Although the same area is also used for some of the Harlem scenes, the Mission and the procession are the real Harlem, as is the ‘Lincoln Presbyterian Hospital’ where Angel visits bandleader Spider, which was shot at Harlem Hospice which stood on 138th Street.

Down in the East Village, you can find the bar where Angel gets pictures of his target, Johnny Favorite. It’s 7&B Horseshoe Bar (Vazac's), 108 Avenue B at Seventh Street. It's a familiar ‘lowlife atmosphere’ bar seen in plenty of other movies including Crocodile Dundee and, most famously, it's the bar where the Rosato brothers attempt to garotte Pentangeli in The Godfather Part II.

The ‘Poughkeepsie’ nursing home where Angel impersonates a hospital inspector is Wilderstein, a 19th-century Queen-Anne-style country house in Rhinebeck on the Hudson River, upstate New York, which had been home to the former secretary, recently deceased, to Franklin D Roosevelt.

The neighbourhood of sweaty junkie Dr Fowler, supposedly at 419 Kitteredge, was filmed over on Staten Island.

In Brooklyn, the venerable Coney Island on the South Shore, repainted glumly to suit the film’s monochrome look, serves as the rundown, rat-infested amusement park where Angel looks for Madame Zora.

And on to New Orleans, sort of. Angel’s arrival in Louisiana by train was shot at Hoboken Railway Station, New Jersey, just over the Hudson River from Manhattan, a wonderful old terminus seen in Funny Girl, Three Days Of The Condor and Kal Ho Naa Ho.

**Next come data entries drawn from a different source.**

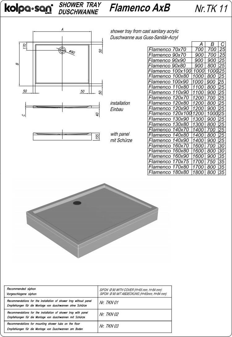 Поддон акриловый Kolpa-San Flamenco 120х90 см, цвет белый. Сифон, панели и каркас приобретаются отдельно.
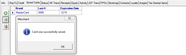 When a Credit Card has been successfully added to a Customer Account, the following confirmation message appears.
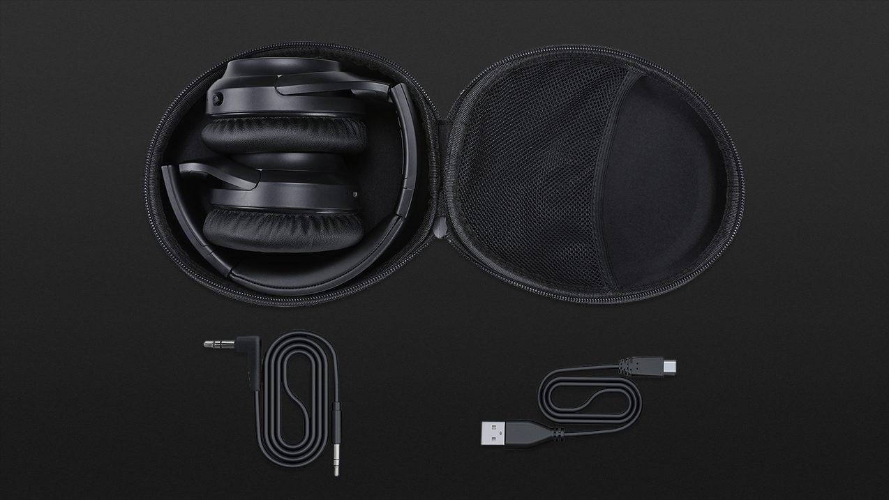 With active noise suppression, the over-ears can run for up to 15 hours, while without ANC they can run for up to 24 hours. When the battery is empty, the quick charge function can be used, which allows up to two hours of use after five minutes of charging time when using a 2A USB wall adapter. Since there is also a 3.5 mm audio input, wired use is also possible as an alternative to Bluetooth operation. In addition to the USB charging cable, the accessories include a corresponding mini-jack cable with gold-plated plugs.
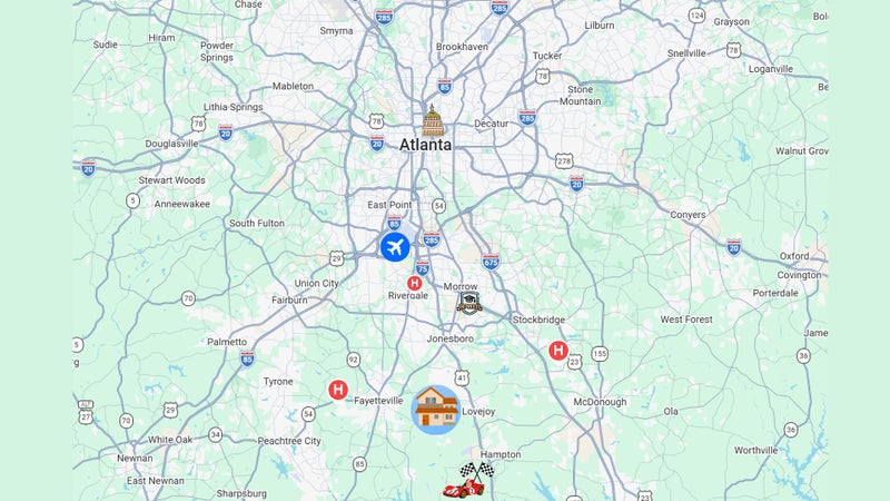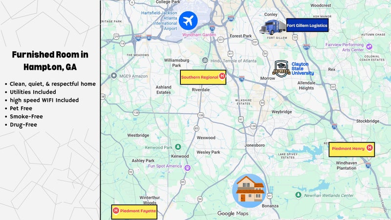 Downtown Atlanta (24 miles), Atlanta Airport (20 miles), access to I-75/85 & I-285, Piedmont-Fayette, Piedmont Henry, and Southern Regional hospitals (all 10 miles), Clayton State University (10 miles), Echo Park Speedway (7 miles), grocery stores, restaurants, and Marta nearby
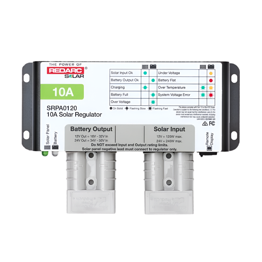 REDARC’S newly designed 10 Amp Solar Regulator comes with the Anderson™ SB™50 connectors and works our monocrystalline portable solar panel and solar blanket range. REDARC’s 10 Amp Solar Regulator acts as the go between to transfer power generated from the panels to the battery.
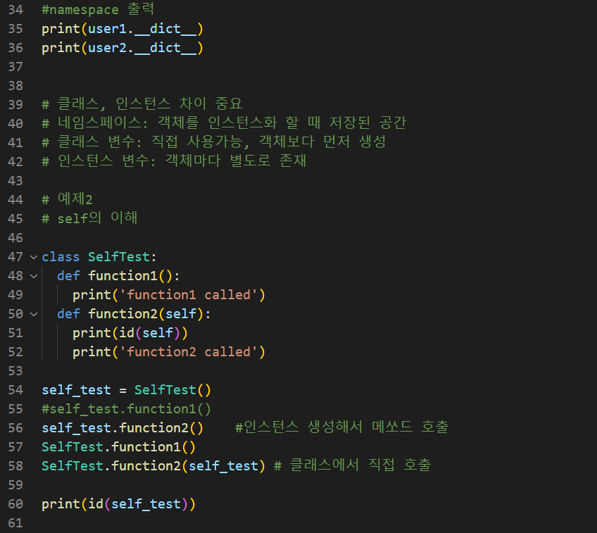 # 1. 클래스 선언 및 self의 이해 # 1.1. 클래스 선언 # 1.2. 클래스 네임스페이스 self # 1.3. 클래스, 인스턴스 변수 # 1.4. self # 선언 : 첫글자 대문자, 단어연결시 첫글자 대문자 ''' class 클래스명: 함수 함수 함수 ''' # 예제 1 pass 예외처리됨 class UserInfo: def __init__(self, name): self.name = name def user_info_p(self): print("NAME: ", self.name) user1 = UserInfo("Kim") print(user1.name) user1.user_info_p() user2 = UserInfo("Park") print(user2.name) user2.user_info_p() #메모리 번지 확인 print(id(user1)) print(id(user2)) #namespace 출력 print(user1.__dict__) print(user2.__dict__) # 클래스, 인스턴스 차이 중요 # 네임스페이스: 객체를 인스턴스화 할 때 저장된 공간 # 클래스 변수: 직접 사용가능, 객체보다 먼저 생성 # 인스턴스 변수: 객체마다 별도로 존재 # 예제2 # self의 이해 class SelfTest: def function1(): print('function1 called') def function2(self): print(id(self)) print('function2 called') self_test = SelfTest() #self_test.function1() self_test.function2() #인스턴스 생성해서 메쏘드 호출 SelfTest.function1() SelfTest.function2(self_test) # 클래스에서 직접 호출 print(id(self_test)) # 예제 3 # 클래스 변수 class WareHouse: stock_num = 0 def __init__(self, name): self.name = name WareHouse.stock_num += 1 def __del__(self): WareHouse.stock_num -= 1 user1 = WareHouse('Kim') user2 = WareHouse('Park') user3 = WareHouse('Lee') print(user1.__dict__) print(user2.__dict__) print(user3.__dict__) print(WareHouse.__dict__) # 클래스 네임스페이스, 클래스 변수 (공유) print(user1.name) print(user2.name) print(user3.name) print(user1.stock_num) del user1 print(user2.stock_num) print(user3.stock_num)

The real Big Easy shooting was largely around the Victorian houses and shops in New Orleans' old Irish section along Magazine Street. Confusingly, the flashbacks to a post-war NY Times Square were also filmed in New Orleans.

The touristy shots of New Orleans take in the arches by the market on Decatur Street and St Peter Street alongside St Louis Cathedral.

The streetcar is the main St Charles Avenue Line, and the house of Margaret Krusemark (Charlotte Rampling) was a boarded-up property behind Royal Street, while the old slave quarters at the back doubled as Angel’s hotel.

Running parallel to Magazine Street is Constance Street, where you’ll find St Alphonsius, 2029 Constance Street, the church where Angel indulges in a little profane language.

The racetrack, though, doesn’t exist – it was specially built in an empty field, and a disused New Orleans bus depot was transformed into the gumbo shack where Margaret’s father gets his face boiled.

The plantation at which Angel meets up with Epiphany Proudfoot (Lisa Bonet) is real enough though. It’s the Laurel Valley Village Museum, 595 Highway 308, a perfectly preserved sugar plantation dating from 1832.

The plantation once covered 5,000 acres and is pretty much as seen in the movie – only the cemetery is faked.

It’s two miles south of Thibodeaux, on Route 1, 50 miles west of New Orleans on the Bayou Lafouche.

The ’Red Rooster’, where Angel meets up with Toots Sweet (Brownie McGhee) is actually the popular Maple Leaf Bar, 8316 Oak Street, New Orleans, a smallish, tin-ceilinged music bar with the best of local blues, Cajun and R&B.


This is a basic entry and due to be expanded.